§ ASSIGNMENT
Transcribe, word for word and without additions, each line below from the one containing "我國煤油出口多于進口,其中2" through the one containing "คุ้มที่ 1 รับส่วนลด", both ends included.

** EXTRACTED MATERIAL follows **

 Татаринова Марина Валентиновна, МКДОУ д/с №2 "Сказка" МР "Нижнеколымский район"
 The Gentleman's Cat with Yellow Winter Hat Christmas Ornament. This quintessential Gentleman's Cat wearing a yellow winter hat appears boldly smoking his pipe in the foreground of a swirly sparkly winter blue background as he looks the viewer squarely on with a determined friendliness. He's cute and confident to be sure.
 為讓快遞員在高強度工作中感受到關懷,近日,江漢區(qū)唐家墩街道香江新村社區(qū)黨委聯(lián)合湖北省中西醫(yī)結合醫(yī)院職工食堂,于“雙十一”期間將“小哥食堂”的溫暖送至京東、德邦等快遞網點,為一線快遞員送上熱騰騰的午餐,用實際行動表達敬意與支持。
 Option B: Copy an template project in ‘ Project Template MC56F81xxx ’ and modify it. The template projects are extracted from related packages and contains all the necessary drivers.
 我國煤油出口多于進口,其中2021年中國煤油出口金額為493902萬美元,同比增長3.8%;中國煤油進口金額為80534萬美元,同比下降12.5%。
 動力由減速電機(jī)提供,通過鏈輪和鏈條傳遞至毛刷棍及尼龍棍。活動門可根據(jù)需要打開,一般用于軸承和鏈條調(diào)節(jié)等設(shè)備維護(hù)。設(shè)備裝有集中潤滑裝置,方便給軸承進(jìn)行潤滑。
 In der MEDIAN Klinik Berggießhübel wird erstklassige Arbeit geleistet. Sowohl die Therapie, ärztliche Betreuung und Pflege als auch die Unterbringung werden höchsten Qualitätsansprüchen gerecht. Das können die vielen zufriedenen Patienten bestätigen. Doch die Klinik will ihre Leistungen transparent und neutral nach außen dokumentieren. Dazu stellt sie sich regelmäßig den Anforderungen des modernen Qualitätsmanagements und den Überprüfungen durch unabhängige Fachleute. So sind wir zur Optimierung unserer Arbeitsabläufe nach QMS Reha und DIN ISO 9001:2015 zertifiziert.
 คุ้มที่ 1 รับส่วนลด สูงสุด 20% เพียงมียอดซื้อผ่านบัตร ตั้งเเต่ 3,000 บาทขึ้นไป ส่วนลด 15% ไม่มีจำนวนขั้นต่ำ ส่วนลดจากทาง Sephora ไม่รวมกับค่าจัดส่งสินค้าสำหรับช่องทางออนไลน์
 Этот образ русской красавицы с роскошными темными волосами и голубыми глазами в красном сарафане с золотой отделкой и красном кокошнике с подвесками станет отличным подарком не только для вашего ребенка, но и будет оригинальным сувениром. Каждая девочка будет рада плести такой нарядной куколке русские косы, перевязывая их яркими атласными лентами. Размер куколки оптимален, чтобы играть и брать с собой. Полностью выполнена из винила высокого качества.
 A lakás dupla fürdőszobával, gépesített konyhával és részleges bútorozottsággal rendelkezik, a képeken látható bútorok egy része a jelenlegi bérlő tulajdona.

** End of EXTRACTED MATERIAL **
** EXTRACTED MATERIAL follows **

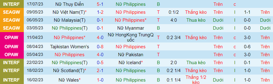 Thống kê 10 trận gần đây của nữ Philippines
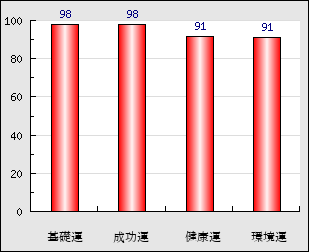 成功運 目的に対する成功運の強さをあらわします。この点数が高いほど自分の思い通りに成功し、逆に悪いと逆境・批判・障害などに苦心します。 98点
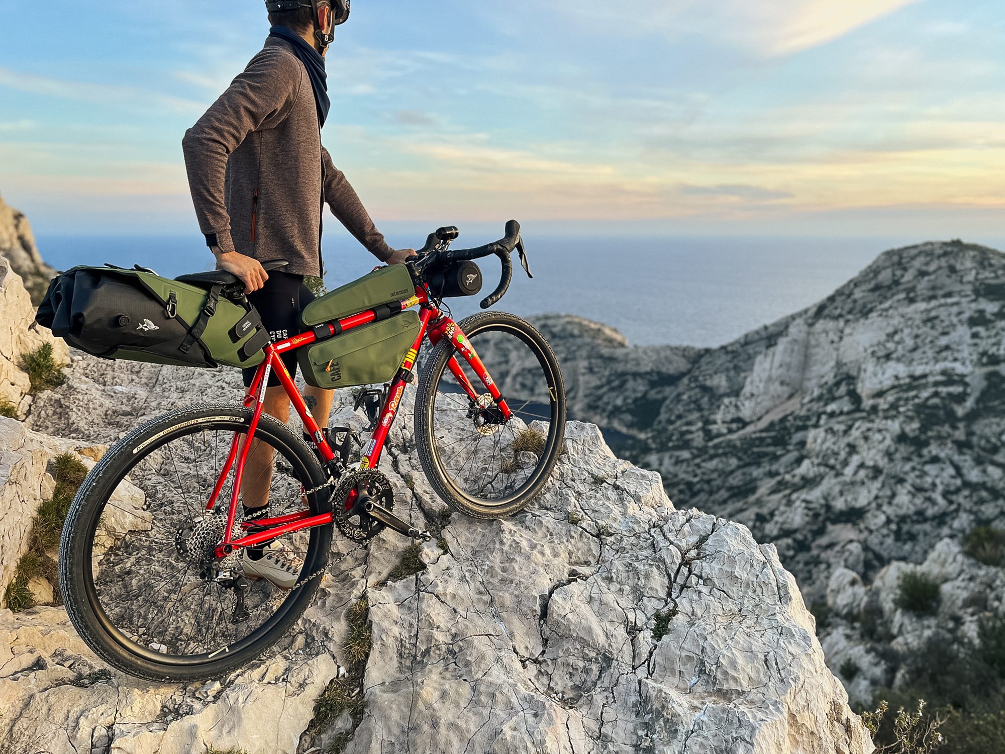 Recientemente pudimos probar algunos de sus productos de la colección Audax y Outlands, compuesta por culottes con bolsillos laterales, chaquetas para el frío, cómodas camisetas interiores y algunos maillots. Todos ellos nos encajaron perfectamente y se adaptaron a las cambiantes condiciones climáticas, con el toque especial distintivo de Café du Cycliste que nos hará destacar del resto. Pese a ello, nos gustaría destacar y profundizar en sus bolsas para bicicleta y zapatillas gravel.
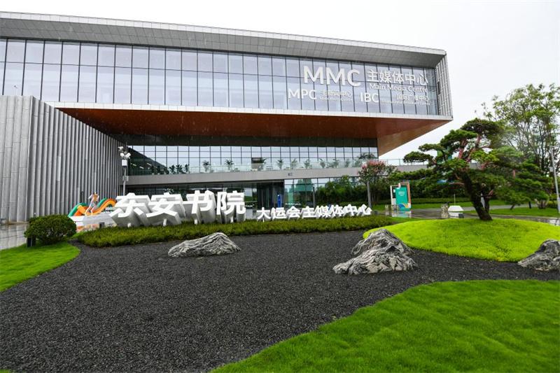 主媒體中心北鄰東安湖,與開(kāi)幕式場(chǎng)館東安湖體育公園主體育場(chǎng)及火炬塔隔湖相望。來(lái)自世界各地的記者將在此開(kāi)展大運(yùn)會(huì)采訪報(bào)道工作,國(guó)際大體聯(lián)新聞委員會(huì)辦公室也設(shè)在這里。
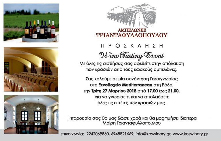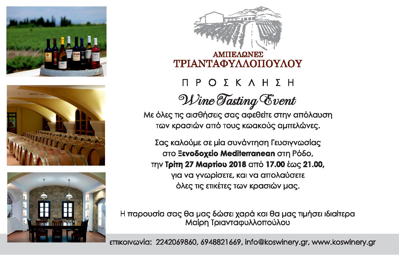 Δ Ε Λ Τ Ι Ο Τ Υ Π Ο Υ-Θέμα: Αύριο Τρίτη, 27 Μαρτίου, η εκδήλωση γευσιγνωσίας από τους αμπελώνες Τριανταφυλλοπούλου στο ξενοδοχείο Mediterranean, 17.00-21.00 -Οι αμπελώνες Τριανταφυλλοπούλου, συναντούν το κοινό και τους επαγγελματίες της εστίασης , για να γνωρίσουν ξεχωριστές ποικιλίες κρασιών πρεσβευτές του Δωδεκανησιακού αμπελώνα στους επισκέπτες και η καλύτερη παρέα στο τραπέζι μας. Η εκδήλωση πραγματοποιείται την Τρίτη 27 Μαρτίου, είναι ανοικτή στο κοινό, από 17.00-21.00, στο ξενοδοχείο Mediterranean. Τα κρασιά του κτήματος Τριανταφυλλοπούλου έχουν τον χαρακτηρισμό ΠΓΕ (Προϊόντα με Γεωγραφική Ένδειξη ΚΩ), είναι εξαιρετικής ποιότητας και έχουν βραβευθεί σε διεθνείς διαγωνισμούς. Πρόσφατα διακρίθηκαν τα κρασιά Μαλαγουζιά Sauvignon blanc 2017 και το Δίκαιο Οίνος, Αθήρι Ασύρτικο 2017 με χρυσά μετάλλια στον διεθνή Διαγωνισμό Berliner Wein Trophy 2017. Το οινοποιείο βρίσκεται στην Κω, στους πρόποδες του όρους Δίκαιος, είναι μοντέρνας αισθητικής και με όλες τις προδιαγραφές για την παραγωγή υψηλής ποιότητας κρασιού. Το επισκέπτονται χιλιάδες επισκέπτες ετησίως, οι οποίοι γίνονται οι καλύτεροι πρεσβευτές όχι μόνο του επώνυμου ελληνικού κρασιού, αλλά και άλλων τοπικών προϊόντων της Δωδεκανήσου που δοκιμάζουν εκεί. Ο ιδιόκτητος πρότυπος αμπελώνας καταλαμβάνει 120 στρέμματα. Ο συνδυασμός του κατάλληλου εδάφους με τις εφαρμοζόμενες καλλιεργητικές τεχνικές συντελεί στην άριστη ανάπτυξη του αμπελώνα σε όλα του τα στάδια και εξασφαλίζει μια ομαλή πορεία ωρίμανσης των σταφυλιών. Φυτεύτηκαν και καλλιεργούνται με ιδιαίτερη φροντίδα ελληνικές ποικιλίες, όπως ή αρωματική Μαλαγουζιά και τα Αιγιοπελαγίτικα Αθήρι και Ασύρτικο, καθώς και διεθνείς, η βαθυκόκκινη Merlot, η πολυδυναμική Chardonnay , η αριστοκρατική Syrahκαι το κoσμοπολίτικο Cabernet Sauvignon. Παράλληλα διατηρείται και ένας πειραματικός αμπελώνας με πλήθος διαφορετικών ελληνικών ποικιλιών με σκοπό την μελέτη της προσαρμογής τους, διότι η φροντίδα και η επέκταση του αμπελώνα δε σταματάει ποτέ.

** End of EXTRACTED MATERIAL **
** EXTRACTED MATERIAL follows **

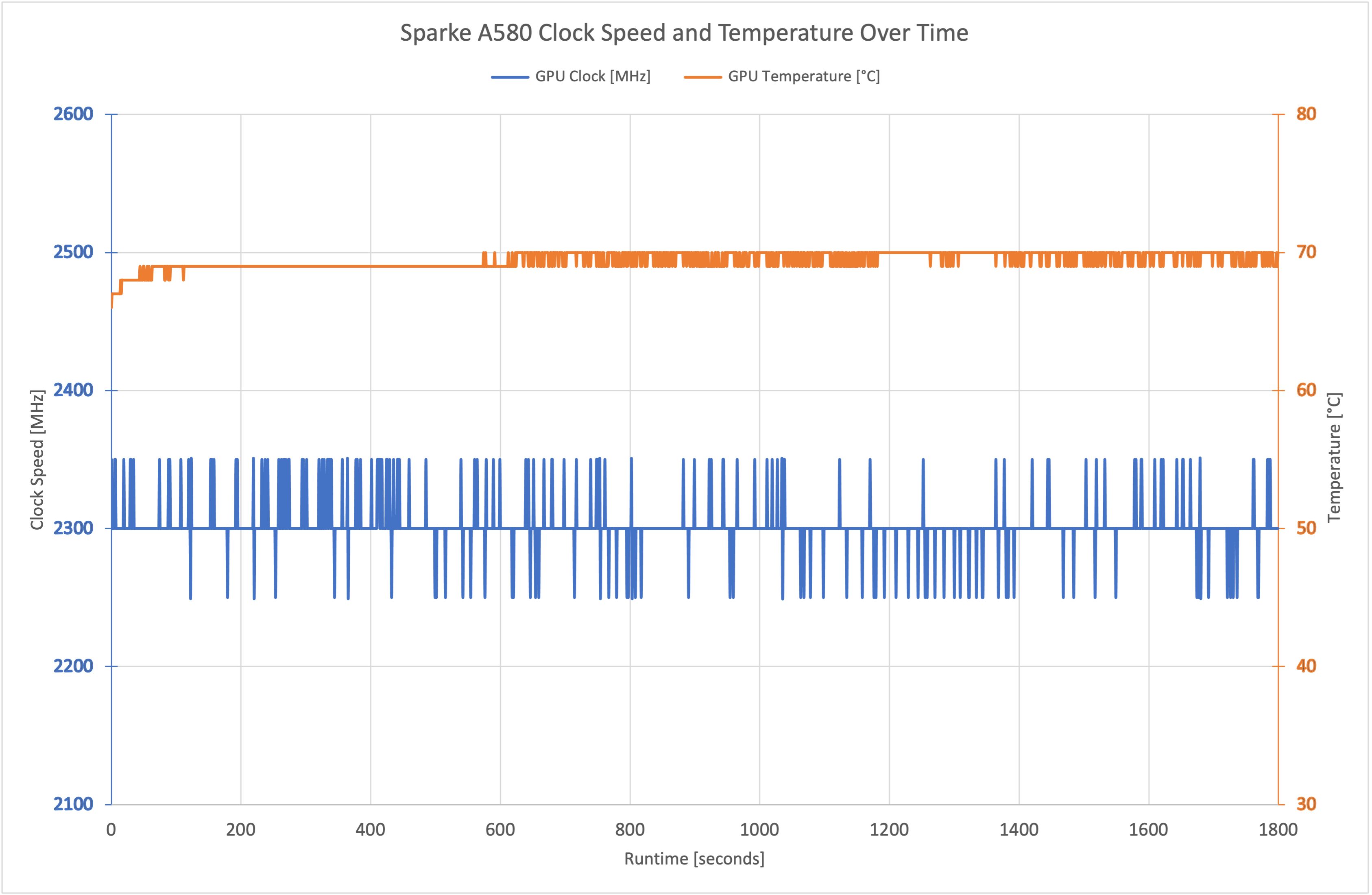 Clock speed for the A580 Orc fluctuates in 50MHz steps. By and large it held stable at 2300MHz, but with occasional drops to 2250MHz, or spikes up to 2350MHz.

** End of EXTRACTED MATERIAL **

§ EXERCISE OUTPUT
 我國煤油出口多于進口,其中2021年中國煤油出口金額為493902萬美元,同比增長3.8%;中國煤油進口金額為80534萬美元,同比下降12.5%。
 動力由減速電機(jī)提供,通過鏈輪和鏈條傳遞至毛刷棍及尼龍棍。活動門可根據(jù)需要打開,一般用于軸承和鏈條調(diào)節(jié)等設(shè)備維護(hù)。設(shè)備裝有集中潤滑裝置,方便給軸承進(jìn)行潤滑。
 In der MEDIAN Klinik Berggießhübel wird erstklassige Arbeit geleistet. Sowohl die Therapie, ärztliche Betreuung und Pflege als auch die Unterbringung werden höchsten Qualitätsansprüchen gerecht. Das können die vielen zufriedenen Patienten bestätigen. Doch die Klinik will ihre Leistungen transparent und neutral nach außen dokumentieren. Dazu stellt sie sich regelmäßig den Anforderungen des modernen Qualitätsmanagements und den Überprüfungen durch unabhängige Fachleute. So sind wir zur Optimierung unserer Arbeitsabläufe nach QMS Reha und DIN ISO 9001:2015 zertifiziert.
 คุ้มที่ 1 รับส่วนลด สูงสุด 20% เพียงมียอดซื้อผ่านบัตร ตั้งเเต่ 3,000 บาทขึ้นไป ส่วนลด 15% ไม่มีจำนวนขั้นต่ำ ส่วนลดจากทาง Sephora ไม่รวมกับค่าจัดส่งสินค้าสำหรับช่องทางออนไลน์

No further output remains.